►
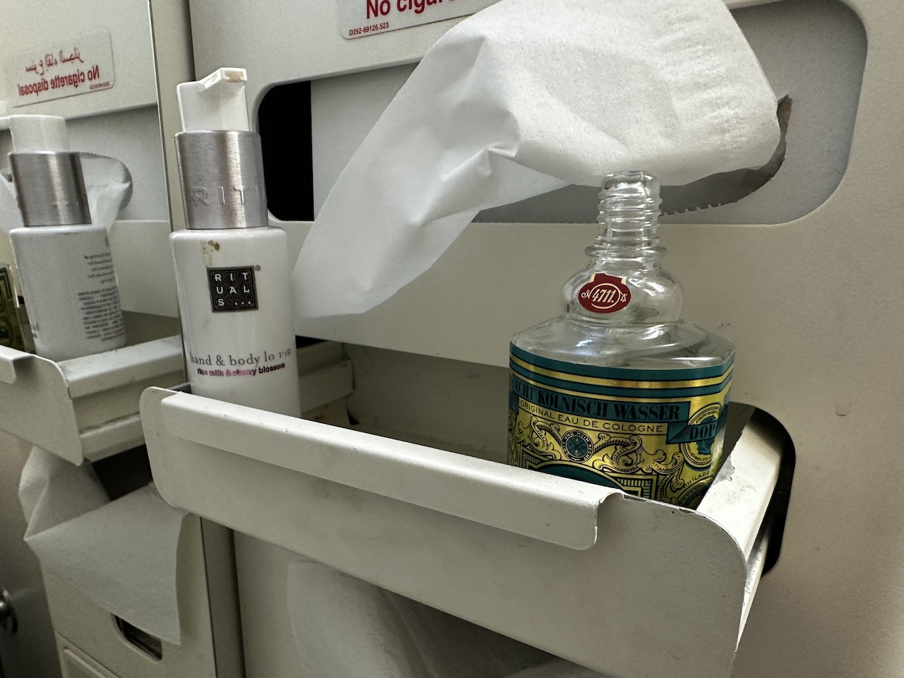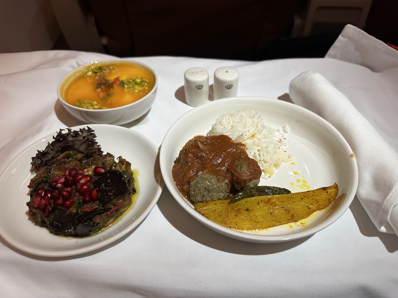 Die Flugbegleiterin hatte schon am Boden die Essenswünsche aufgenommen und die Gerichte entsprechend nach dem Start serviert. Wir hatten jeweils einmal westlich und einmal orientalisch bestellt und erhielten unterschiedliche Vorspeisen, Hauptgänge und Desserts.
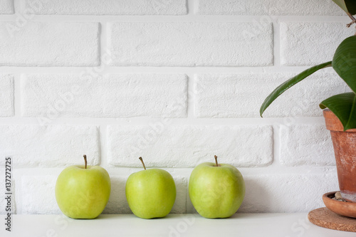 Three green healthy fresh apples against white brick wall background with scandinavian flower ficus beside. Country side farm fruit production. Vitamin A C. regeneration heart cells. Healthy lifestyle
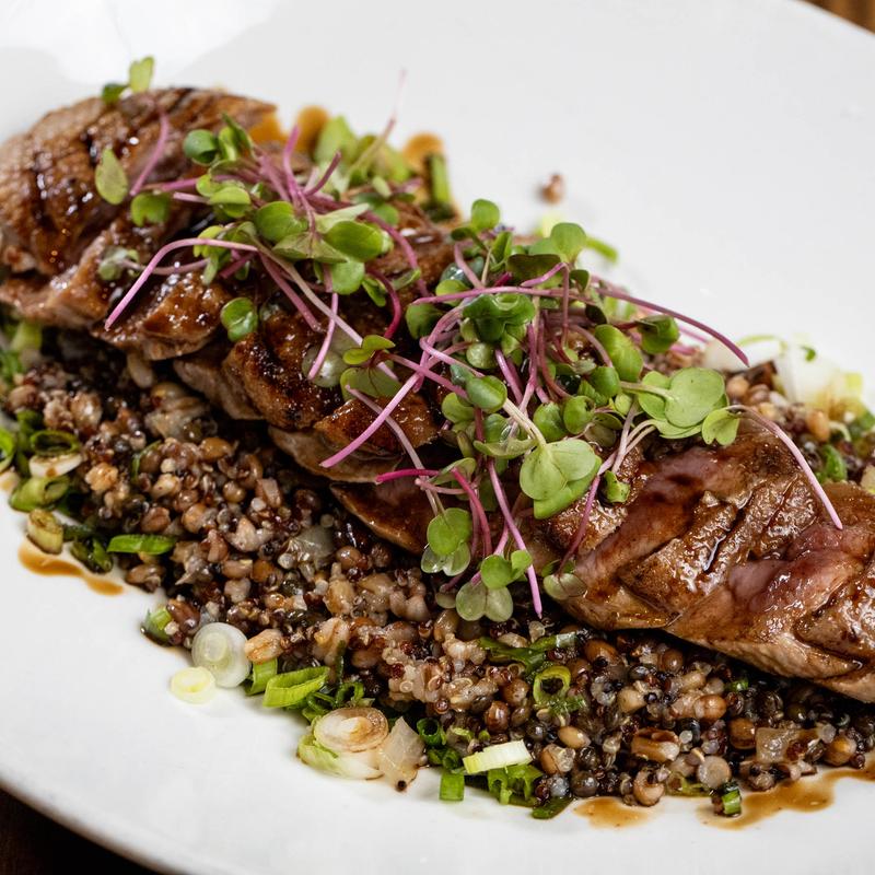 Served on vegetable wok-fried rice“yakimeshi”, Japanese seven spice powder, soy glaze.
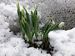what little snow that'd accumulated from last night i went out this morning to shovel. the snow on the sidewalk had already been compacted so i used the overturned edge of the shovel to noisily scrape away the ice. afterwards i probably had the cleanest sidewalk on my block. the snow in the backyard was soft slush that i easily removed, making sure not to damage the few snowdrops emerging from the ground.
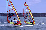 Lars Kleppich wins the title! Lars Kleppich of Australia didn't let up on Saturday 19, last day of the 1999 Mondial AOM. He won the title by claiming the last race, while Barbara Kendall of New Zealand, by now certain of keeping her title, did not compete. Its in the idyllic setting of Noumea's Côte Blanche that the 1999 Olympic sailboard World Championship came to a close. This '99 Mondial AOM brought together 156 competitors from 43 nations, and was a qualifying event for the Sydney 2000 Olympics. At the end of 11 races, Lars Kleppich of Australia claimed the men's World Champion title. Kleppich had been leading the overall score since Thursday. Once again, the Australian impressed everyone by strolling to an easy victory in the last race. He outsailed the 5 French competitors, and Tony Philp of Fiji, his most serious opponent for the title, simply could not catch up. Says Philp: "I did everything I could, but Lars was just too strong. Anyway, I am very happy to have the silver medal!". An all-new mens'podium Hard on the heels of his victory at the Sydney pre-Olympic week, Lars Kleppich won his first world title with panache. Lars was particularly impressive during the last day of the Mondial and one can easily understand his exuberance as he jumped on the beach after winning the last race: "I'm really thrilled to have become World Champion here, but I owe this victory to my coach Brendan Todd, the man who represented Australia at the Atlanta Olympics". Adds Kleppich: "It's been a beautiful Mondial, and I am delighted to have completed it like this, particularly as I am now practically assured of going to the Sydney 2000 Olympics". No doubt, sailing in his own waters, Lars will be a formidable contender for the Olympic gold. The podium of the Mondial AOM featured an all-new cast, particularly with the presence of Marcos Galvan of Argentina on the third step. Galvan secured his medal by outsailing Nikos Kaklamanakis of Greece (who finished 4th), gold medallist at the Atlanta Olympics. The first French contestant, Alexandre Guyader, placed 9th. The young European champion came in one small point ahead of the '97 and '98 world champion, Aaron McIntosh of New Zealand, who never managed to catch up after his disastrous showing on Friday. Two French women on the podium Already certain of keeping her world title, Barbara Kendall of New Zealand did not even compete in the last race, which was much to the liking of Faustine Merret of France who claimed her 5th victory and secured the silver. But the pleasant surprise for the French team came from Lise Vidal. A fifth place enabled her to overtake Natasha Sturges of Australia and claim the bronze. With two representatives on the podium, the French team fulfilled its obligations, and is in good position for the Sydney 2000 qualifying events of next month. |
◄
• _What you should do_: Transcribe exactly and only the lines from the top of the records through the line containing "what little snow", inclusive, and do not copy the pictures.

• _Result for this exercise_:
 Die Flugbegleiterin hatte schon am Boden die Essenswünsche aufgenommen und die Gerichte entsprechend nach dem Start serviert. Wir hatten jeweils einmal westlich und einmal orientalisch bestellt und erhielten unterschiedliche Vorspeisen, Hauptgänge und Desserts.
 Three green healthy fresh apples against white brick wall background with scandinavian flower ficus beside. Country side farm fruit production. Vitamin A C. regeneration heart cells. Healthy lifestyle
 Served on vegetable wok-fried rice“yakimeshi”, Japanese seven spice powder, soy glaze.
what little snow that'd accumulated from last night i went out this morning to shovel. the snow on the sidewalk had already been compacted so i used the overturned edge of the shovel to noisily scrape away the ice. afterwards i probably had the cleanest sidewalk on my block. the snow in the backyard was soft slush that i easily removed, making sure not to damage the few snowdrops emerging from the ground.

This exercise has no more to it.